Once the line containing "二手 BANK 米白紅配色" is found in the records below, return it and each following line exactly, up to and including the line containing "Design: Genuine Leather", and nothing else.

Extracted information:
++++

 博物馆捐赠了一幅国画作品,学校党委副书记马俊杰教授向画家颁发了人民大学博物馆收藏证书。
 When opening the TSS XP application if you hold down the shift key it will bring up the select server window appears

++++

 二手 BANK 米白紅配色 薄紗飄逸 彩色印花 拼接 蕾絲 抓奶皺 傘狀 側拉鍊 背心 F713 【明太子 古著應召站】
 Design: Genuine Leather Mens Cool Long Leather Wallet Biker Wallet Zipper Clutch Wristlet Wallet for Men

++++

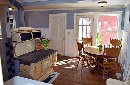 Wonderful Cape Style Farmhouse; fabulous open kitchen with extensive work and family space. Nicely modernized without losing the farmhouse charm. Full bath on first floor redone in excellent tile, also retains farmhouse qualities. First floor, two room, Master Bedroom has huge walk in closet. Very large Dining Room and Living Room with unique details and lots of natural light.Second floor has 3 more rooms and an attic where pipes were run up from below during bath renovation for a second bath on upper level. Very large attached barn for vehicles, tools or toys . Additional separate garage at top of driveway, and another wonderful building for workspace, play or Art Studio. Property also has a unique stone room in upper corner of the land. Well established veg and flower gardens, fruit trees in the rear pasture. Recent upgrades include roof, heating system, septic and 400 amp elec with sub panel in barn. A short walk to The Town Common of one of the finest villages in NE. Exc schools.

++++

Completed task:
 二手 BANK 米白紅配色 薄紗飄逸 彩色印花 拼接 蕾絲 抓奶皺 傘狀 側拉鍊 背心 F713 【明太子 古著應召站】
 Design: Genuine Leather Mens Cool Long Leather Wallet Biker Wallet Zipper Clutch Wristlet Wallet for Men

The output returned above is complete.